Task brief → Output, exactly as written, the lines below starting at the line containing "シンプルなデザインでストンと" and ending at the line containing "Ribbon: Equal stripes". Drop the pictures and keep both end lines.

Data to process →
- Opening Delimiter -

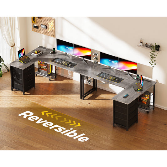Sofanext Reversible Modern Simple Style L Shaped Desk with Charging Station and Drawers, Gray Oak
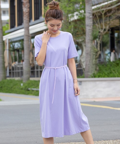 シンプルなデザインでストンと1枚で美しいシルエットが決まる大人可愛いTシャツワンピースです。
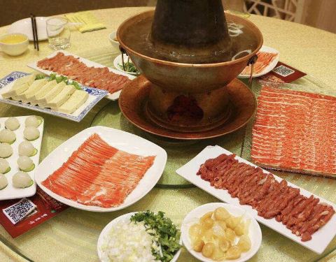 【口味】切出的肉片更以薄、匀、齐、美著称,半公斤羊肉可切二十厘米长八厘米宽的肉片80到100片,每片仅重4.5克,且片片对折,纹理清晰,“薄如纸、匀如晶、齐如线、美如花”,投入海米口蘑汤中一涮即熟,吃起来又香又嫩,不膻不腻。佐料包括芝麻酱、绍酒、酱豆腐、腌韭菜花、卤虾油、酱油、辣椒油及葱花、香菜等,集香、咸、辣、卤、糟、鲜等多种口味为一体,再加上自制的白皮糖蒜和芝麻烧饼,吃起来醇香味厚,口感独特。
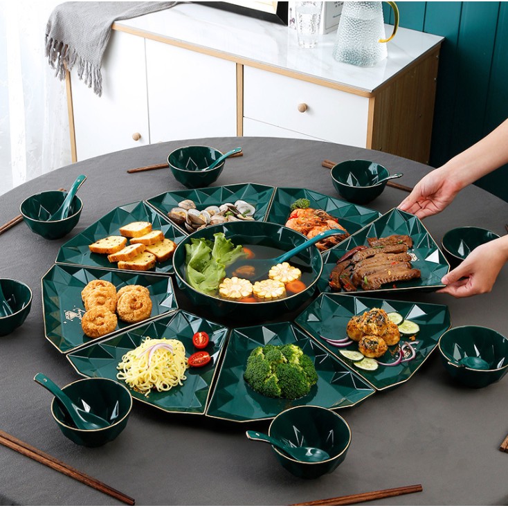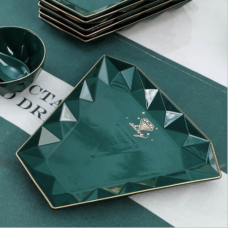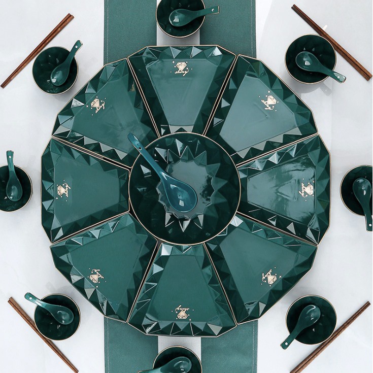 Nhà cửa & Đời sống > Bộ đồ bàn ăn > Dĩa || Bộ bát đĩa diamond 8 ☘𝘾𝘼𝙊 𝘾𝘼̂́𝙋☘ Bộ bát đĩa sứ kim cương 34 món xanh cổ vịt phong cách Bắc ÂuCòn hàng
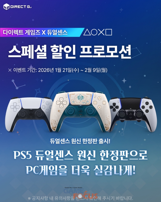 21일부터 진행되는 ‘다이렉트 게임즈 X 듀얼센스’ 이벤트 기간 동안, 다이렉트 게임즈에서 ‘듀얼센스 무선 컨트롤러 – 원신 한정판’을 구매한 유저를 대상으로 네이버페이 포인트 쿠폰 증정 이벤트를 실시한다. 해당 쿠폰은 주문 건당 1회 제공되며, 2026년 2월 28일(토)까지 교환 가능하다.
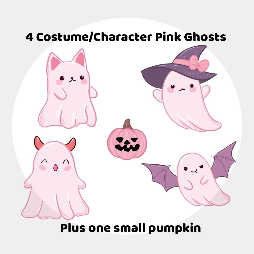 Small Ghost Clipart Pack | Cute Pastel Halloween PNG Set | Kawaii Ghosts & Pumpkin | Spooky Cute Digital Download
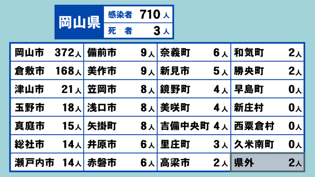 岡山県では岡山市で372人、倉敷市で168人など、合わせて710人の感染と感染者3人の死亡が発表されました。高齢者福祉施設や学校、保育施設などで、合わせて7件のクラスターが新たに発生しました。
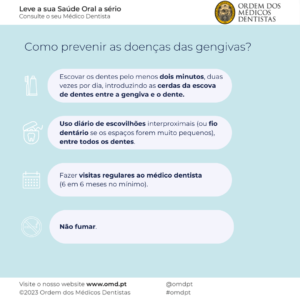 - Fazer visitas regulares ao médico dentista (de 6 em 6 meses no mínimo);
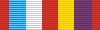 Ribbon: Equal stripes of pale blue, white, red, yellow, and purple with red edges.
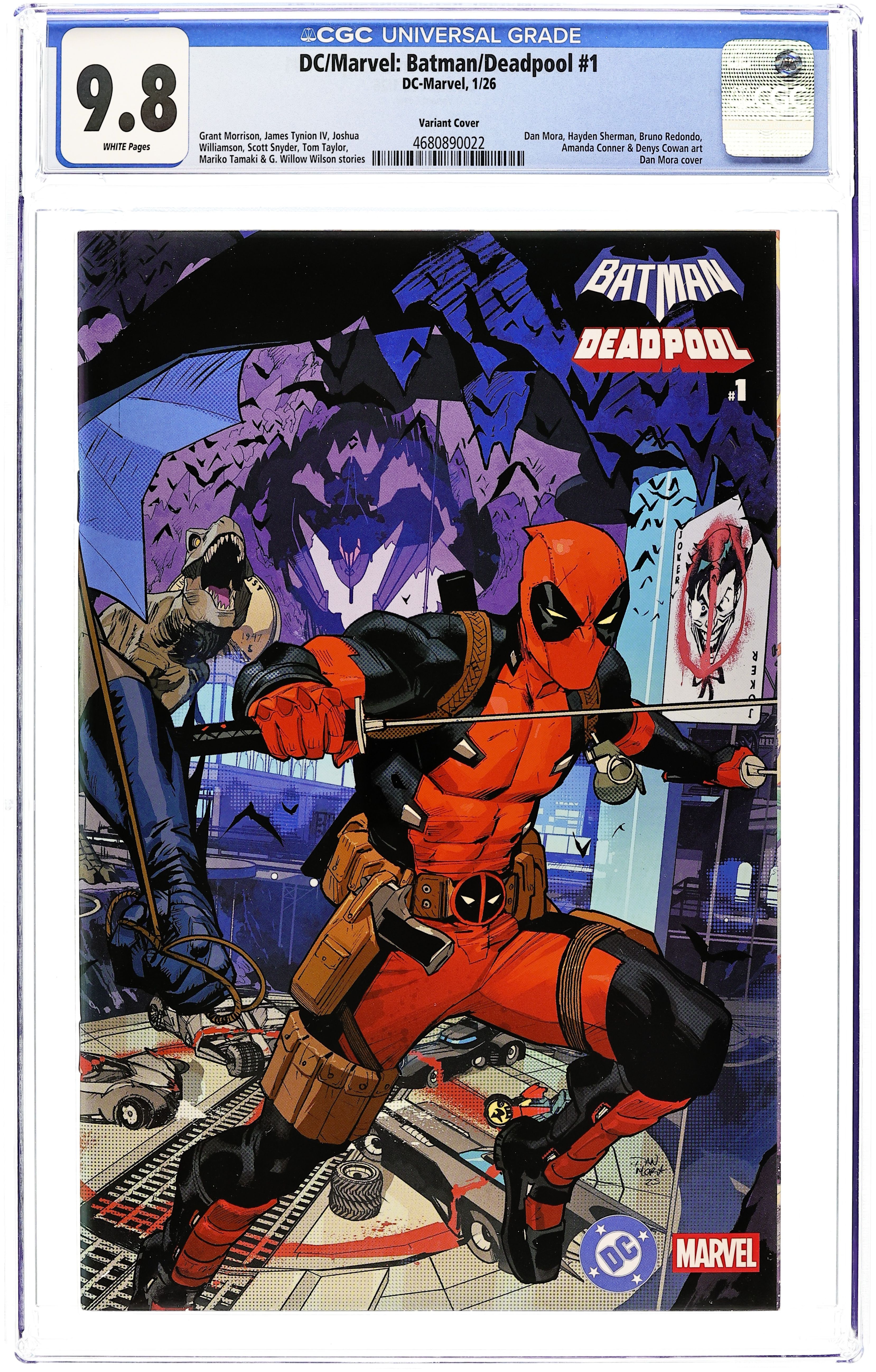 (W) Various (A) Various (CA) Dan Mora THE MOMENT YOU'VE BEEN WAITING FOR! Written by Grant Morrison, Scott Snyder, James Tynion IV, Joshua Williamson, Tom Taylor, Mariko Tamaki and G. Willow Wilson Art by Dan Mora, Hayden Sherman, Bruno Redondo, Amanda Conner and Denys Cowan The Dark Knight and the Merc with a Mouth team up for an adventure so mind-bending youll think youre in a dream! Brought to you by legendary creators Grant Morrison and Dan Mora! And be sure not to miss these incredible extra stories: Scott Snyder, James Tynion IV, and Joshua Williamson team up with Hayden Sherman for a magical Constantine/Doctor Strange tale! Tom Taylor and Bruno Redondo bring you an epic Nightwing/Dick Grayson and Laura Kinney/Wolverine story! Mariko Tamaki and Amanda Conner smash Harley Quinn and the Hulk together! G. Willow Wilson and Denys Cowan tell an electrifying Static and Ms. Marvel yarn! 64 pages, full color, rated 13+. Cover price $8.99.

- Closing Delimiter -
- Opening Delimiter -

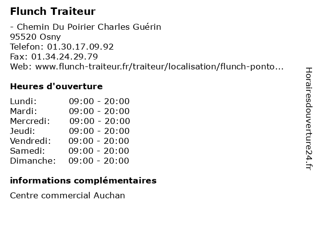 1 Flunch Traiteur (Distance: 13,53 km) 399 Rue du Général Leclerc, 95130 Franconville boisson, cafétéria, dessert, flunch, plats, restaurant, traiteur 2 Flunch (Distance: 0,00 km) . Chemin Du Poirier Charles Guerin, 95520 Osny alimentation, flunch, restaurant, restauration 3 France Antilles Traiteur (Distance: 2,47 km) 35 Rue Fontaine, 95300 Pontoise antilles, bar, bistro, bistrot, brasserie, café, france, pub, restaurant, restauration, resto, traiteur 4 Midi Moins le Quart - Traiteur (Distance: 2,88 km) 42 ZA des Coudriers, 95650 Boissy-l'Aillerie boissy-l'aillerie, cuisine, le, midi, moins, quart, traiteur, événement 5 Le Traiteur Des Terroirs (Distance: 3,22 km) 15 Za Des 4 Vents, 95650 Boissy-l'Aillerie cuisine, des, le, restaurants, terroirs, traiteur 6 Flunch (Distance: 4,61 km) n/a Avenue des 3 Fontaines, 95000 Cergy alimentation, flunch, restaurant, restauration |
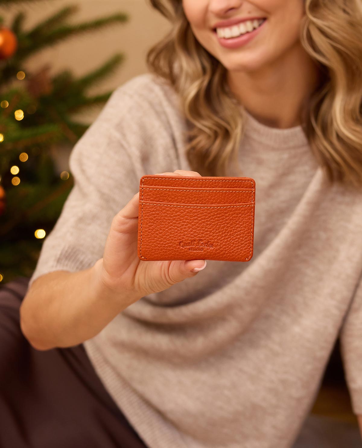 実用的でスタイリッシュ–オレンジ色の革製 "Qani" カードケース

- Closing Delimiter -

Expected output →
 シンプルなデザインでストンと1枚で美しいシルエットが決まる大人可愛いTシャツワンピースです。
 【口味】切出的肉片更以薄、匀、齐、美著称,半公斤羊肉可切二十厘米长八厘米宽的肉片80到100片,每片仅重4.5克,且片片对折,纹理清晰,“薄如纸、匀如晶、齐如线、美如花”,投入海米口蘑汤中一涮即熟,吃起来又香又嫩,不膻不腻。佐料包括芝麻酱、绍酒、酱豆腐、腌韭菜花、卤虾油、酱油、辣椒油及葱花、香菜等,集香、咸、辣、卤、糟、鲜等多种口味为一体,再加上自制的白皮糖蒜和芝麻烧饼,吃起来醇香味厚,口感独特。
 Nhà cửa & Đời sống > Bộ đồ bàn ăn > Dĩa || Bộ bát đĩa diamond 8 ☘𝘾𝘼𝙊 𝘾𝘼̂́𝙋☘ Bộ bát đĩa sứ kim cương 34 món xanh cổ vịt phong cách Bắc ÂuCòn hàng
 21일부터 진행되는 ‘다이렉트 게임즈 X 듀얼센스’ 이벤트 기간 동안, 다이렉트 게임즈에서 ‘듀얼센스 무선 컨트롤러 – 원신 한정판’을 구매한 유저를 대상으로 네이버페이 포인트 쿠폰 증정 이벤트를 실시한다. 해당 쿠폰은 주문 건당 1회 제공되며, 2026년 2월 28일(토)까지 교환 가능하다.
 Small Ghost Clipart Pack | Cute Pastel Halloween PNG Set | Kawaii Ghosts & Pumpkin | Spooky Cute Digital Download
 岡山県では岡山市で372人、倉敷市で168人など、合わせて710人の感染と感染者3人の死亡が発表されました。高齢者福祉施設や学校、保育施設などで、合わせて7件のクラスターが新たに発生しました。
 - Fazer visitas regulares ao médico dentista (de 6 em 6 meses no mínimo);
 Ribbon: Equal stripes of pale blue, white, red, yellow, and purple with red edges.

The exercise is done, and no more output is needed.